Reputation: 4273
I encountered an issue in pandas
0.25.2 while aggregating multiple columns that include a categorical column.
import pandas as pd
df = pd.DataFrame({
"col1": [1, 3, 4, 1],
"col2": pd.Categorical(["b", "a", "c", "b"], categories=["a", "b", "c"], ordered=False),
"col3": [4, 5, 3, 2]
})
df_agg = df.groupby("col1").agg(
col2=pd.NamedAgg("col2", "first"),
col3_max=pd.NamedAgg("col3", "max")
)
print(df_agg)
Output:
col2 col3_max
0 b NaN
1 a 4.0
2 c NaN
3 NaN 5.0
4 NaN 3.0
Expected Output:
col2 col3_max
1 b 4
3 a 5
4 c 3
The issue seems to be caused by the following behaviour of aggregating a categorical column.
df_grouped_col2 = df.groupby("col1")["col2"].first()

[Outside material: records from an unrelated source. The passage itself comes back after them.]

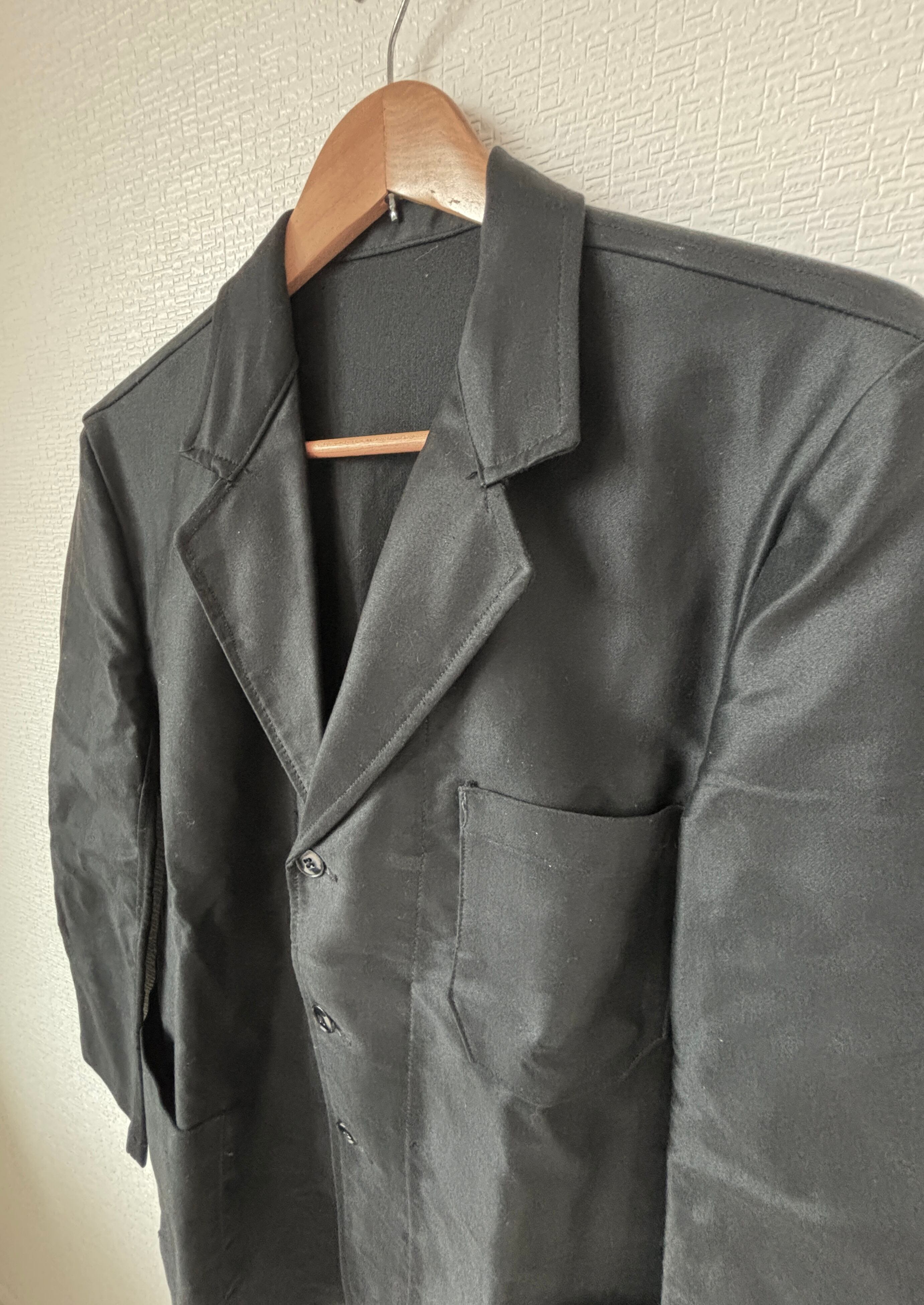 光沢感のあるブラックモールスキン地に綺麗なシルエットはフレンチヴィンテージの定番、細かにみると若干ディテールもブランドによって異なりますが襟の形状やポケットの付き方も良いタイプ。1枚は持っておきたいアイテムだと思います。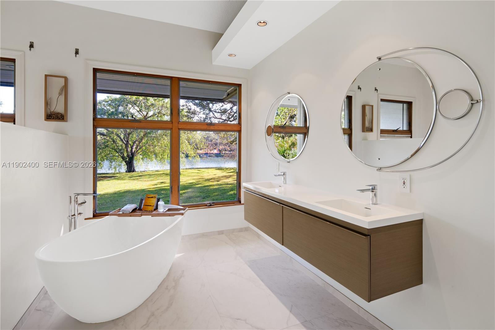 Welcome to an enchanting lakefront residence nestled within the prestigious gated enclave of Banyan Drive in Coral Gables. Remodeled in 2024, this spectacular contemporary estate offers 6,239 square feet under air, w/7,611 total square feet, set on over an acre of lush grounds graced w/majestic oak trees & sweeping water views. Hand-picked by the owner for its expansive lake vistas & the pleasure of continuous prevailing breezes, this elevated architectural masterpiece harmonizes seamlessly w/its natural surroundings & features an exceptionally low carbon footprint. Warm wood floors, brand-new chef’s kitchen, new spa-inspired baths, & multiple entertaining spaces create a refined yet relaxed atmosphere. Each room is thoughtfully designed to capture abundant natural light & frame breathtaking views of the tranquil lake & verdant landscape. The home’s exceptional orientation & generous outdoor areas make it ideal for both intimate gatherings & grand-scale entertaining w/indoor & outdoor surround sound. Experience nature’s beauty w/early morning sails & sunset kayak rides from your own backyard, embracing a lifestyle that blends elegance, comfort, & recreation. Ideally located near Miami’s finest private schools, this Coral Gables address is uniquely served by Pinecrest Elementary, offering an exceptional educational advantage. This remarkable residence embodies a lifetime of elegance, serenity, & distinction in one of the most coveted lakefront settings. A Very Special Home.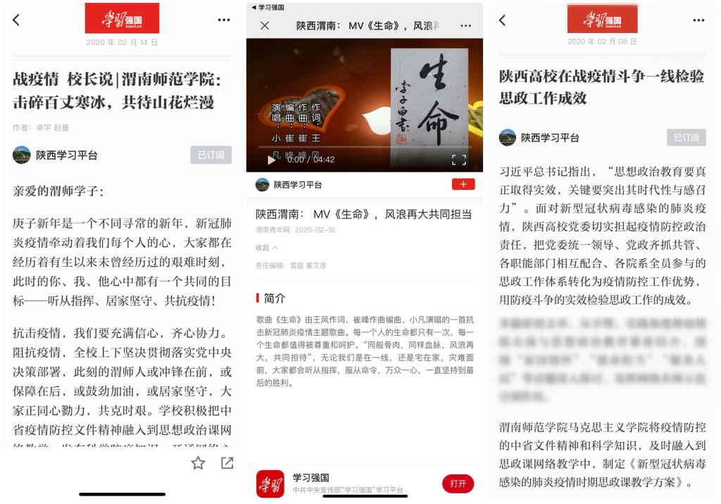 学习强国平台全文刊载了书记、校长写给渭师学子题为《击碎百丈寒冰,共待山花烂漫!》的一封信,推送了我校教师崔峰作曲编曲的歌曲《生命》,在《陕西高校在战疫情斗争一线检验思政工作成效》一文中报道了我校马克思主义学院将疫情防控的中省文件精神和科学知识,及时融入到思政课网络教学中,制定《新型冠状病毒感染的肺炎疫情时期思政课教学方案》的举措,该举措在2月14日中国教育报电子版《陕西高校师生全力以赴打赢疫情防控阻击战——“我们凝聚在一起,一定会攻克难关”》一文中也有报道。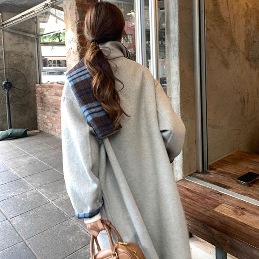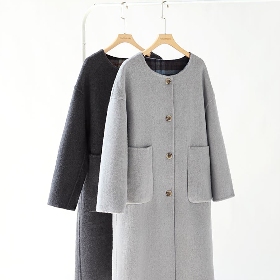 リバーシブルチェックコート マフラー付きノーカラーコート ロングコート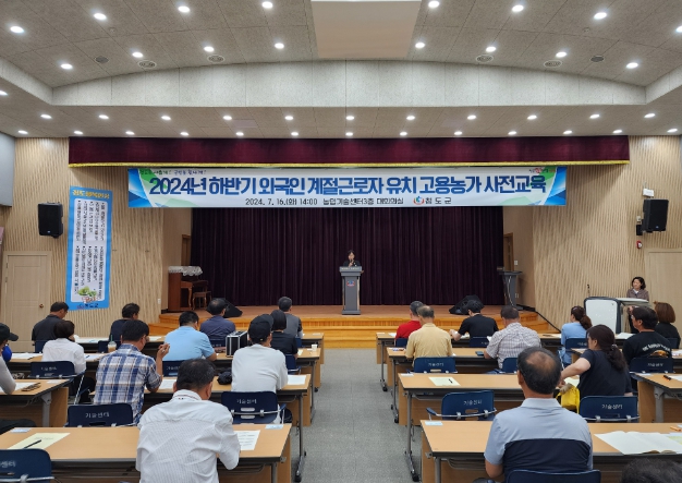 [뉴스서치] 청도군은 지난 16일 농업기술센터에서 2024년 하반기 외국인 계절근로자 도입을 위한 고용농가 40명을 대상으로 사전교육을 실시했다.

print(type(df_grouped_col2))
print(df_grouped_col2)
Output:
<class 'pandas.core.arrays.categorical.Categorical'>
[b, a, c]
Categories (3, object): [a, b, c]
Is this a bug? If so, is there a workaround?
Upvotes: 4
Views: 77
Reputation: 862731
I think it is bug, but possible solution is use lambda function with iat
for first value of group:
df_agg = df.groupby("col1").agg(
col2=pd.NamedAgg("col2", lambda x: x.iat[0]),
col3_max=pd.NamedAgg("col3", "max")
)
print(df_agg)
col2 col3_max
col1
1 b 4
3 a 5
4 c 3
df_grouped_col2 = df.groupby("col1")["col2"].agg(lambda x: x.iat[0])
print(type(df_grouped_col2))
<class 'pandas.core.series.Series'>
print(df_grouped_col2)
col1
1 b
3 a
4 c
Name: col2, dtype: object
Upvotes: 4